Если вы сможете стать осознанными, то чуть-чуть осознанности, и вы поймете, что ничего не надо изменять, нечего желать — вам уже все дано. Из-за ваших жалоб, туч из жалоб, отрицательности, вы не можете видеть, ваши глаза застилает дым, и вы не можете увидеть пламя.

Наполненность — это видение, другое видение жизни, не видение жизни через желания, а попытка увидеть все, как оно есть. Если вы будете видеть через желание, вы никогда не будете наполнены. Как же вы можете быть... ведь желание не убывает? У вас есть десять тысяч рупий, а желание говорит, что нужно сто тысяч. Когда у вас сто тысяч, желание не унимается, теперь ему нужен миллион рупий, десять миллионов рупий. Когда вы будете достигать цели, желание будет всегда опережать вас. Оно движется впереди вас. Оно никогда не бывает с вами, вы никогда не встретите его где-либо. Куда бы вы ни пошли, вы всегда будете видеть его как горизонт — оно там, где-то в будущем. И так будет всегда. А за желанием следует неудовлетворенность, желание впереди, и тут неудовлетворенность станет вашим состоянием. А неудовлетворенность — это ад.

Когда вы поняли это, вы смотрите на действительность не на экране желания, вы смотрите, в сей же миг, вы смотрите прямо, вы откладываете желание в сторону и просто смотрите.
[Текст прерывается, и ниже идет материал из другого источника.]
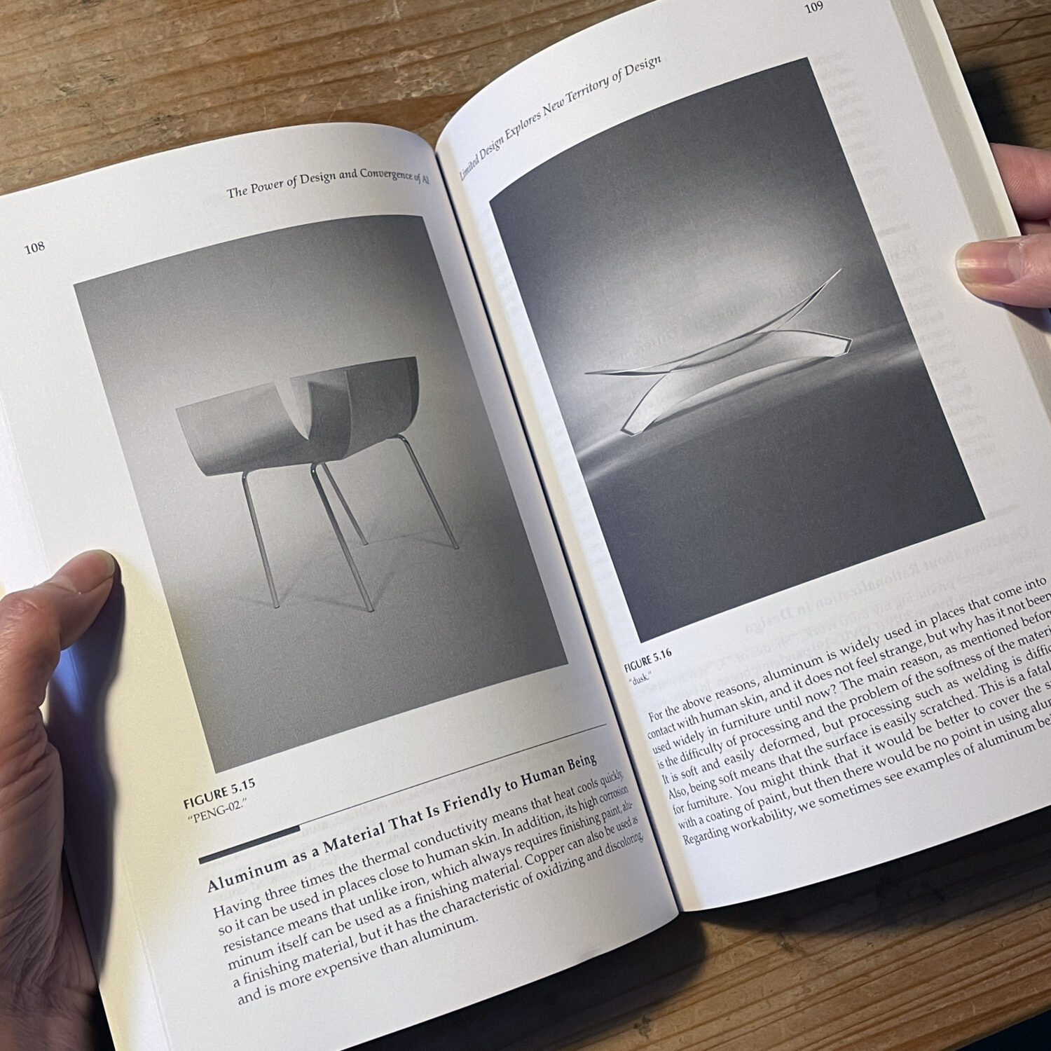 大松先生は、第5章で「Limited Design Explores New Territory of Design」という論文を写真も含め25ページ程度で書いており、2018年から継続して制作しているアルミニウム製の椅子の制作に関するお話をもとに、昨今のデザインの動向を語っています。
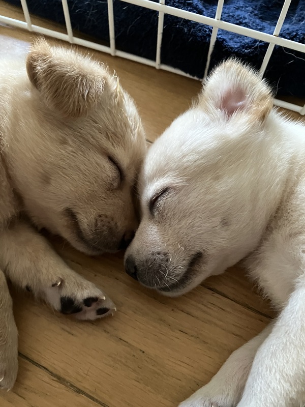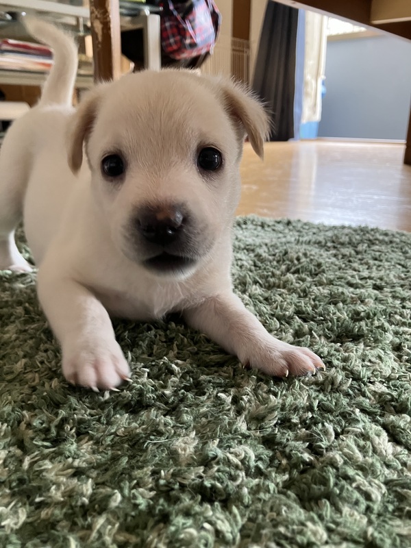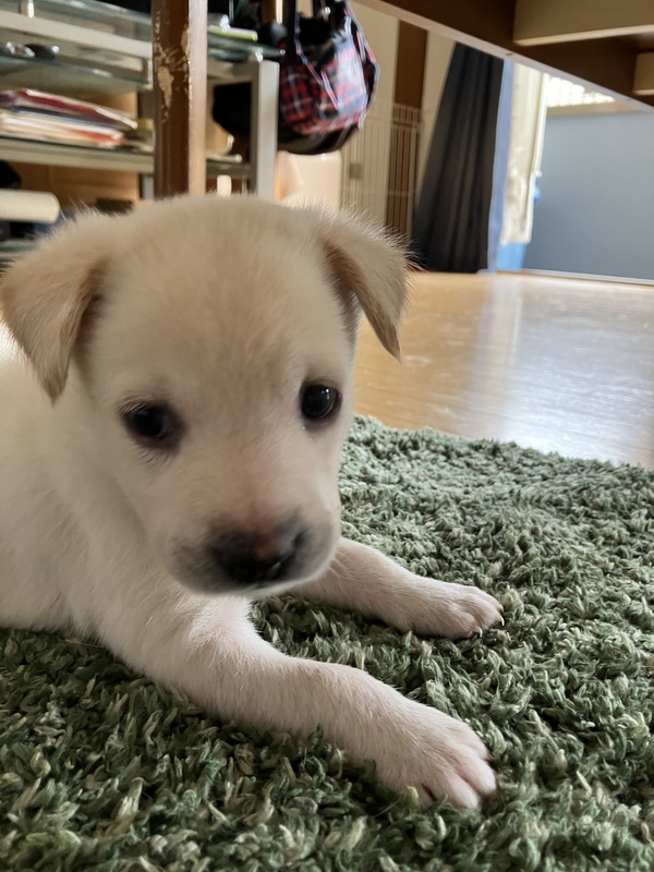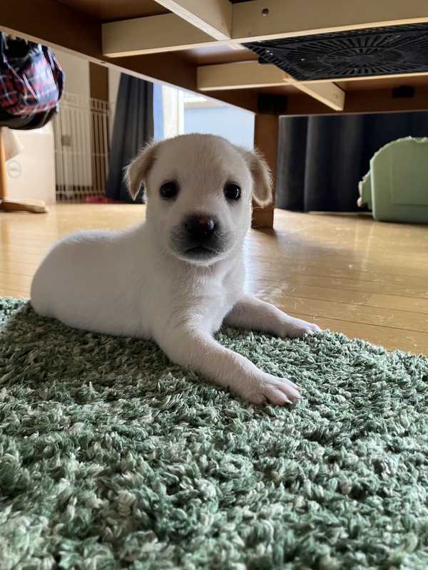 | 特徴(性格など) | 引き出し時は一番小さく、哺乳瓶にもなかなか慣れずに悪戦苦闘しましたが、しっかり体重も増えてコロコロ子犬らしく育っています。大きな目で見つめられると、ついつい抱っこしてしまいたくなるような子です。かわいいです。哺乳瓶から育ててきたので人は大好きです。 | ||
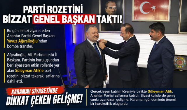 Ağıralioğlu, AK Parti’nin eski İl Başkanı ve partinin kuruluşundan bu yana siyasette aktif görevlerde bulunan Süleyman Atik’e parti rozetini bizzat taktı.Gerçekleşen katılım töreniyle birlikte Süleyman Atik, Anahtar Partisi saflarına katıldı. Siyasi kulislerde geniş yankı uyandıran gelişme, Karaman gündeminde önemli bir hareketlilik oluşturdu.
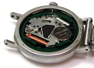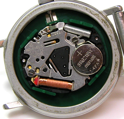 綺麗になったケースにムーブメントをもどして電池格納部をチェックします。
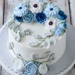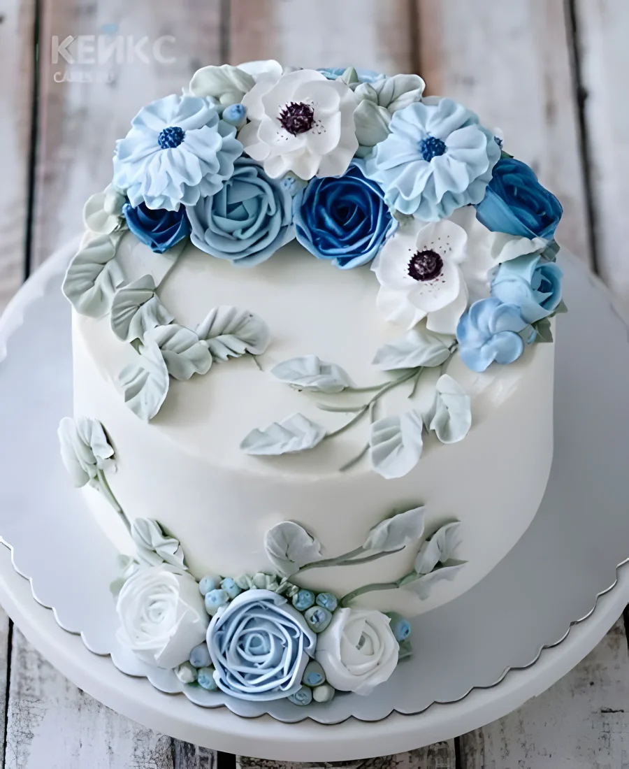 Белый торт из мастики украшенный цветами
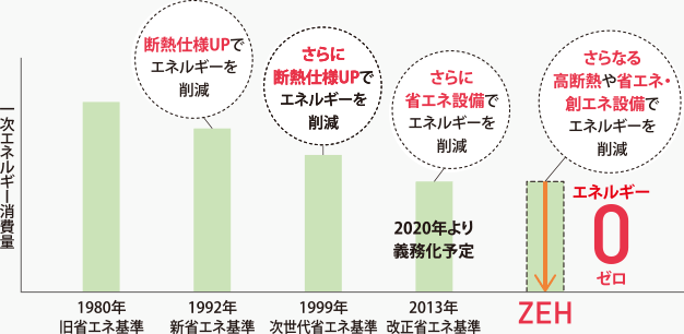 ZEH(ゼッチ)とは、ネット?ゼロ?エネルギー?ハウスの略稱。太陽光発電などで創ったエネルギー量が、宅內で使用したエネルギー量よりも多くなり、その結果、住宅內で使用したエネルギーが差し引きゼロ以下になるように作られている住宅です。斷熱?省エネ?創エネなどの條件を備えたZEHを建てると補助金がもらえます。
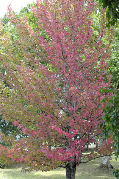 Styraciflua dont nous parlons est l'une de ces espèces + ses variétés, donné pour 12 m , port colonaire +/- large. Le-mien , photo précédente, a 35 ans et couvre 5 m de large, un enfant peut sans peine entourer le tronc de ses bras et même il lui reste les mains !
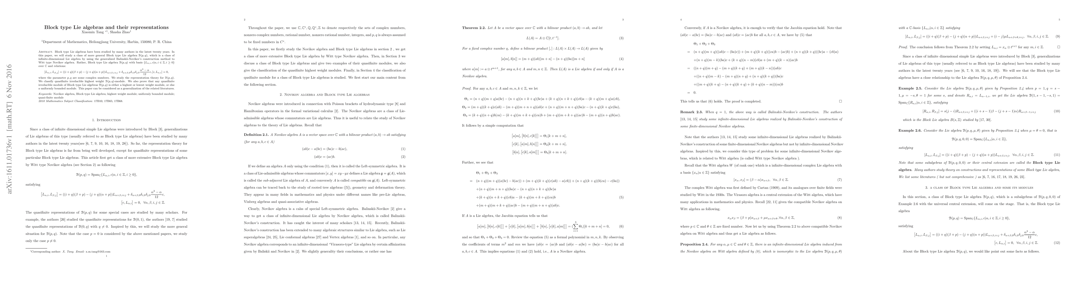 Block type Lie algebras have been studied by many authors in the latest twenty years. In this paper, we will study a class of more general Block type Lie algebra $\mathcal{B}(p,q)$, which is a class of infinite-dimensional Lie algebra by using the generalized Balinskii-Novikov's construction method to Witt type Novikov algebra. We study the representation theory for $\mathcal{B}(p,q)$. We classify quasifinite irreducible highest weight $\mathcal{B}(p,q)$-module. We also prove that any quasifinite irreducible module of Block type Lie algebras $\mathcal{B}(p,q)$ is either a highest or lowest weight module, or else a uniformly bounded module. This paper can be considered as a generalization of the related literatures.

Вы открываете глаза и просто смотрите, и все кажется таким совершенным...

Я увидел это! Вот почему я говорю подобное вам. Это настолько совершенно, что и усовершенствовать такое нельзя. Это просто вершина всего. Тогда наполненность спускается на вас словно вечер: солнце, палящее солнце желания зашло, и тихий ветерок вечера вместе с безмолвной тьмой охватывает вас, и скоро вы завернетесь в тепло ночи, в лоно наполненности.

Наполненность — это способ видеть, но только тогда, когда вы невинные, светлые, невесомые, только тогда она становится возможной.

А после наполненности Патанджали ставит «аскетизм», тапа. Это по-настоящему то, что надо понять, очень тонкое и трудно уловимое. Вы можете быть аскетичными прежде наполненности, тогда ваш аскетизм будет проходить через желание. Тогда и в своем аскетизме вы будете желать мокшу (освобождение) — небеса, Бога. Тогда и ваш аскетизм будет средством. Вот почему Патанджали сначала ставит наполненность, а уже потом аскетизм. Когда вы наполнены, аскетизм — не средство, он — всего лишь простой, прекрасный образ жизни. В этом случае вопрос не в том, обладать ли несколькими вещами или побольше, это не проблема. Тогда вовсе нет вопроса: обладать или не обладать. Тогда это простой образ жизни, а не запутанный путь.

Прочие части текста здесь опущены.